→ Work request
Pictures in the material below are to be left out, and only the lines from the line with "Late in the" up to and including the line with "Step out in" are to be written out exactly.

→ Dataset
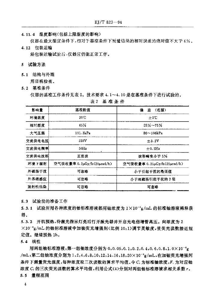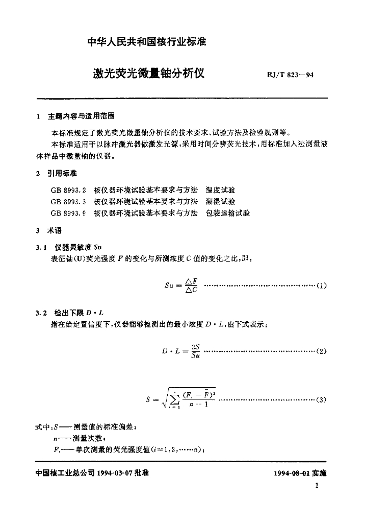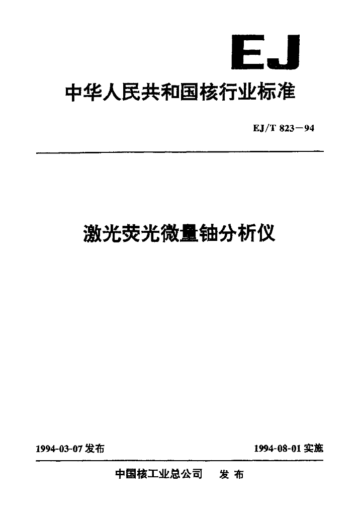 EJ/T 823-1994 激光荧光微量铀分析仪
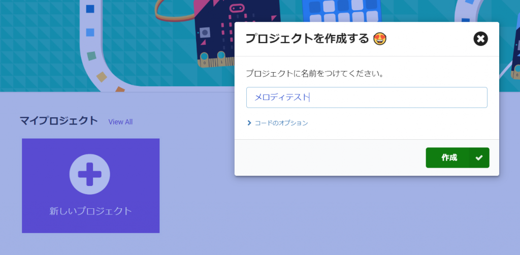 けてくれる。せっかくだからプロジェクト名をつけよう。メロディのブロックを試すので、「メロディテスト」としてみたぞ。
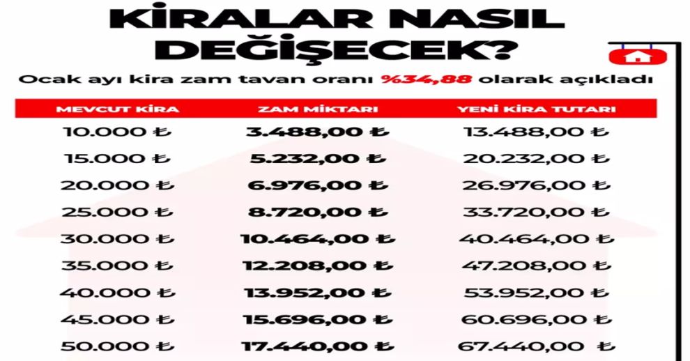 12 aylık enflasyon ortalamasına göre hesaplanan kirada tavan zam oranı ortaya çıktı.
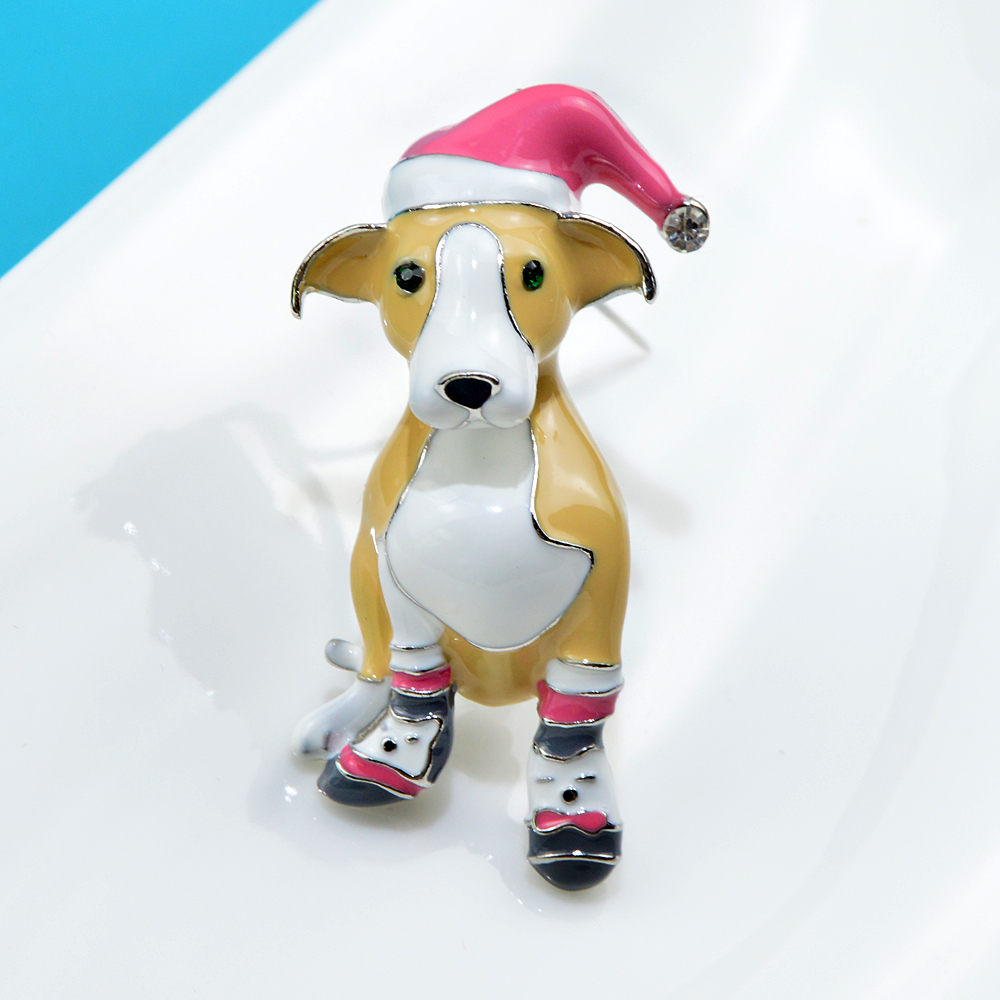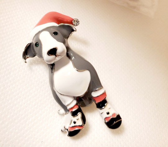 Divertido broche navideño de perrito con calcetines y gorrito de navidad, ideal darle un toque navideño a cualquier prenda. Si te gustan la navidad y los perritos este es tu broche.
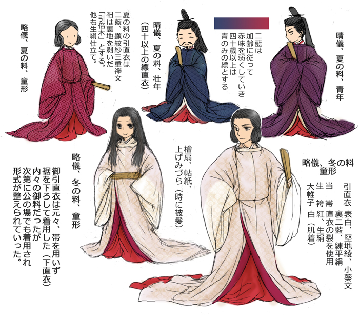 なお裘代は参内用の装束で、俗人の宿装束(とのいしょうぞく)にあたります。衣冠や冠直衣などです。
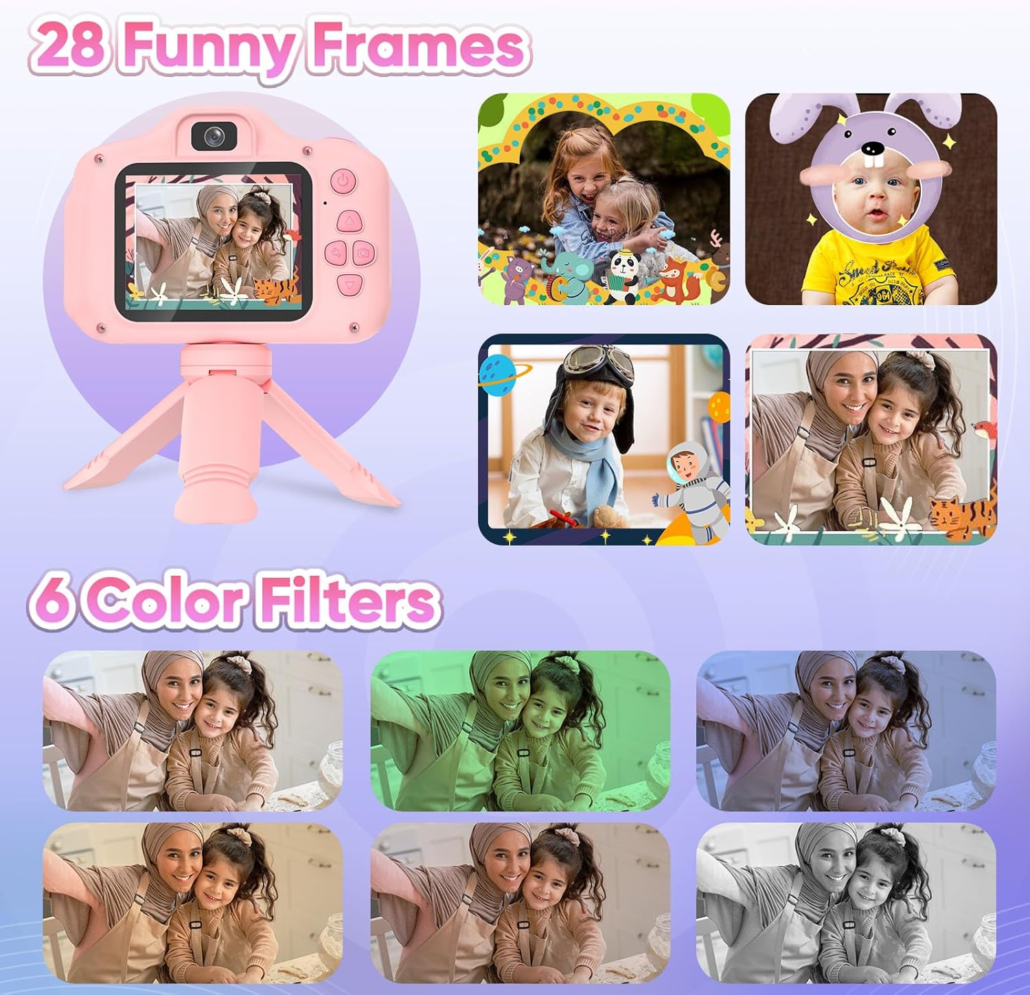 - SAFE & SHOCKPROOF: This camera is used high quality soft plastic,more safe and comfortable for children’s skin. Shockproof shell provides effective anti-fall protection. In addition, the camera adopts SLR exterior design to realize the children's dream of a small photographer
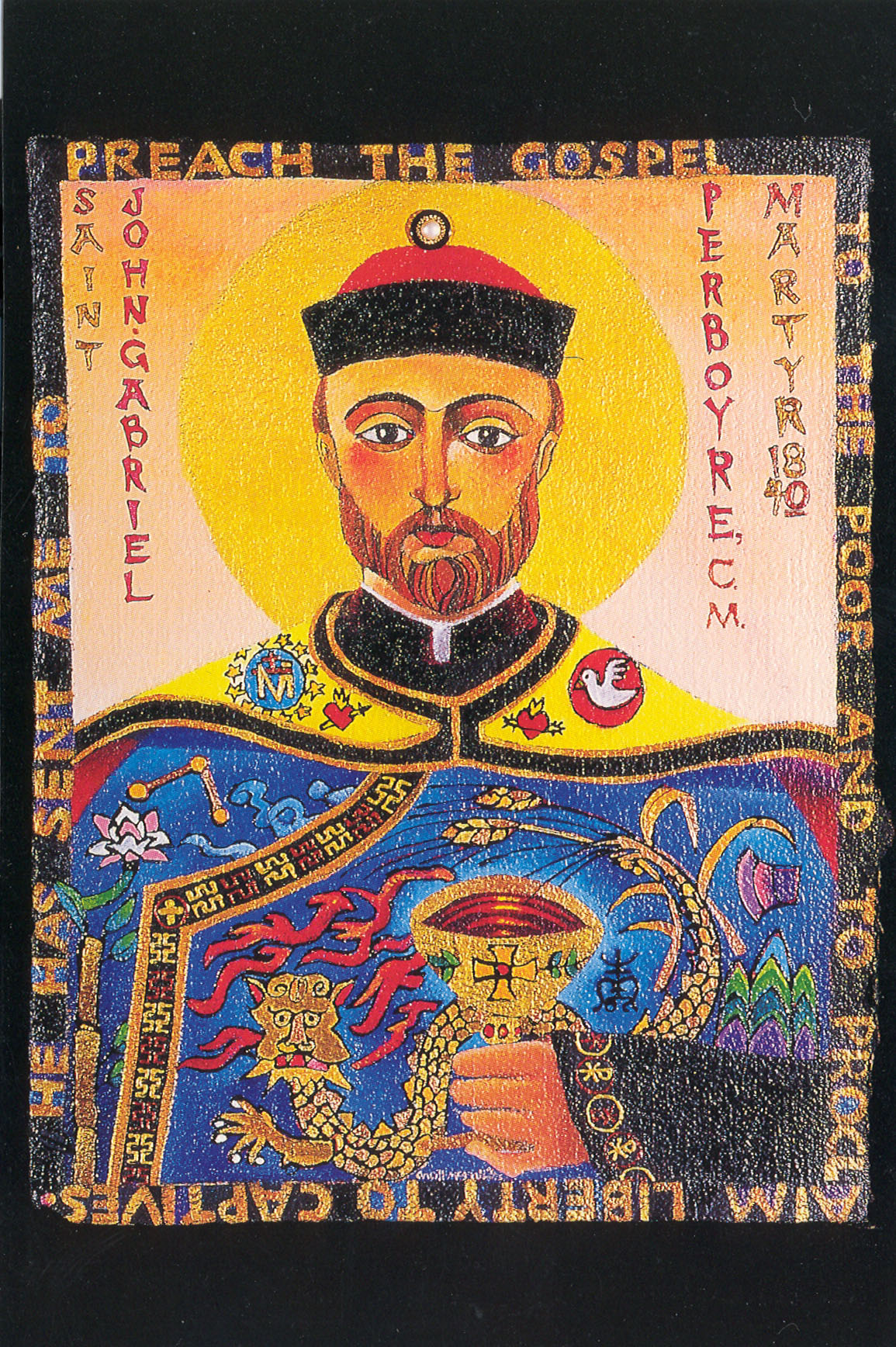 Artist: Michael O'Neill McGrath Symbols: crown of martyrdom, with pearl of great price; peach background: immortality; character shou (long life); flames: light of Christ, Holy Spirit
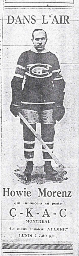 Late in the season, Morenz would be recruited to host “Le menu musicale AYLMER†on Radio station CKAC. The Aylmer Canning and Evaporating Company was formed in 1881, and over the course of the next decades became the well-known canner of vegetables and various soups. This advertisement is from La presse, 14 mars1931, p.50
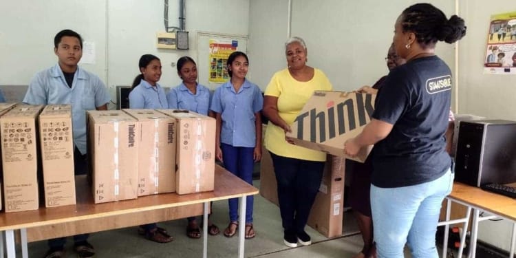 GFC NIEUWSREDACTIE- Staatsolie Maatschappij Suriname heeft vijftig persoonlijke computers gedoneerd aan vier VOJ-scholen in het district Saramacca.
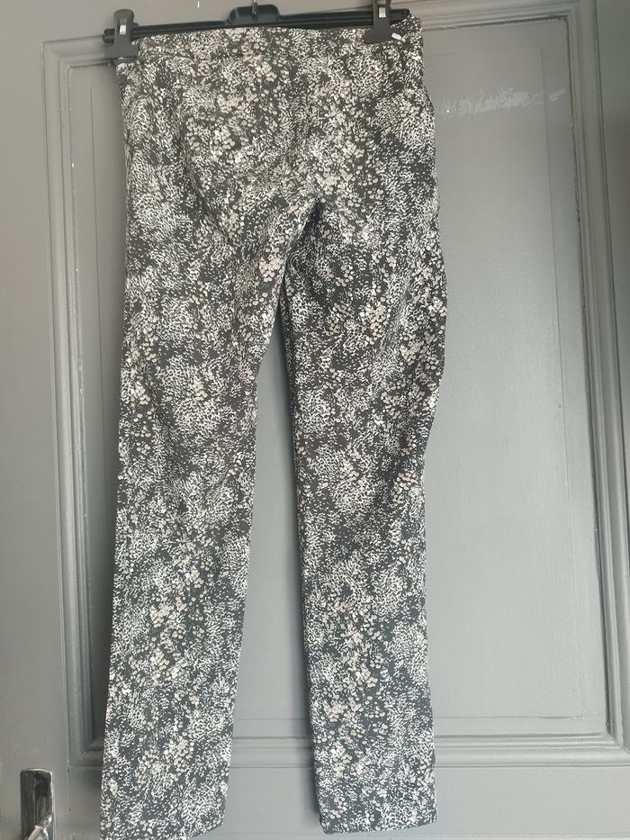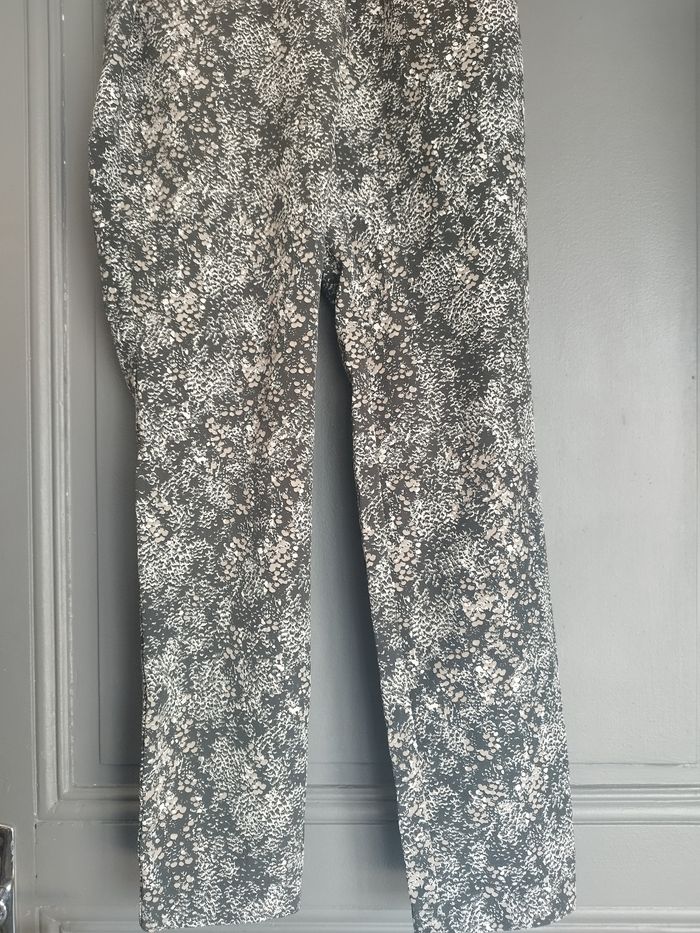 Vends pantalon marque Zara, taille S coloris noir tacheté kaki et crème, 2 poches zippées, taille basse, excellent état,
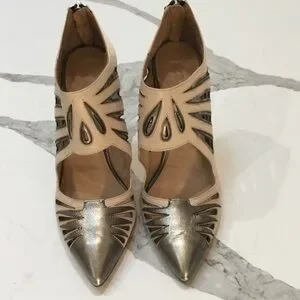 Step out in style with these elegant size 8 beige and metallic heels. Perfect for any occasion, these shoes offer a chic and sophisticated look. New without box.
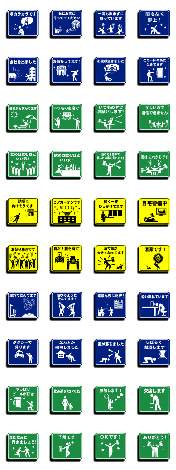 飲み会標識3 miblue コメントをどうぞ 飲み会標識スタンプ第3弾です!前回、前々回同様、飲み会を楽しみつつ、臨機応変にお使いください! このスタンプどう思う?!↓クリックで投票♪好き (0)かわいい (0)かっこいい (0)おもしろい (0)使いやすそう (0)欲しい (0)萌え (0)ほっこりする (0)おしゃれ (0)ゆるい (0)こわい (0)ウザい (0)キモい (0)ムカつく (0)持ってる (0)癒される (0)セクシー (0)個性的 (0)私は買わない (0)誰かプレゼントして! (0) 購入・プレゼントする Facebookでシェア Twitterでシェア
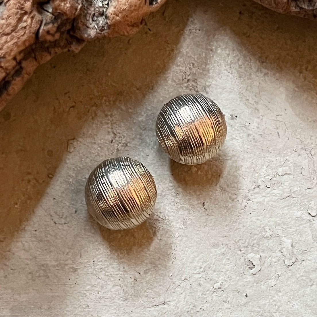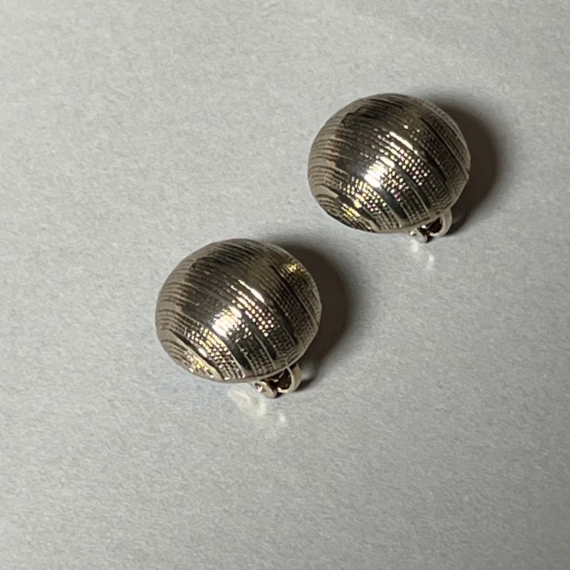 表面に細かなラインが入った合わせやすいメタルのデザインイヤリングです。
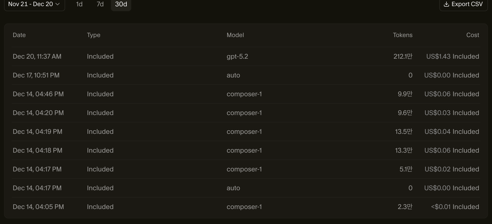 하지만 초보자는 월 $20의 크레딧도 사용하지 못할 가능성이 높습니다. 간단한 자동완성과 기본 코드 생성으로 대부분의 학습 목표를 달성할 수 있기 때문입니다.
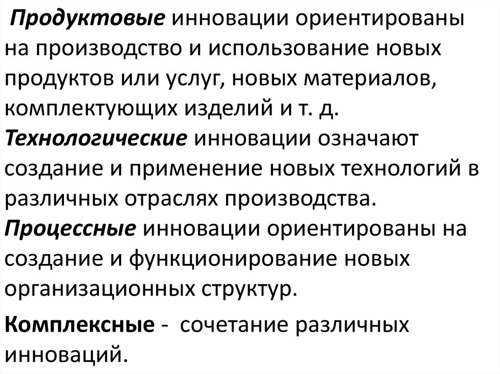 Виды новшеств:

→ Exercise result
 Late in the season, Morenz would be recruited to host “Le menu musicale AYLMER†on Radio station CKAC. The Aylmer Canning and Evaporating Company was formed in 1881, and over the course of the next decades became the well-known canner of vegetables and various soups. This advertisement is from La presse, 14 mars1931, p.50
 GFC NIEUWSREDACTIE- Staatsolie Maatschappij Suriname heeft vijftig persoonlijke computers gedoneerd aan vier VOJ-scholen in het district Saramacca.
 Vends pantalon marque Zara, taille S coloris noir tacheté kaki et crème, 2 poches zippées, taille basse, excellent état,
 Step out in style with these elegant size 8 beige and metallic heels. Perfect for any occasion, these shoes offer a chic and sophisticated look. New without box.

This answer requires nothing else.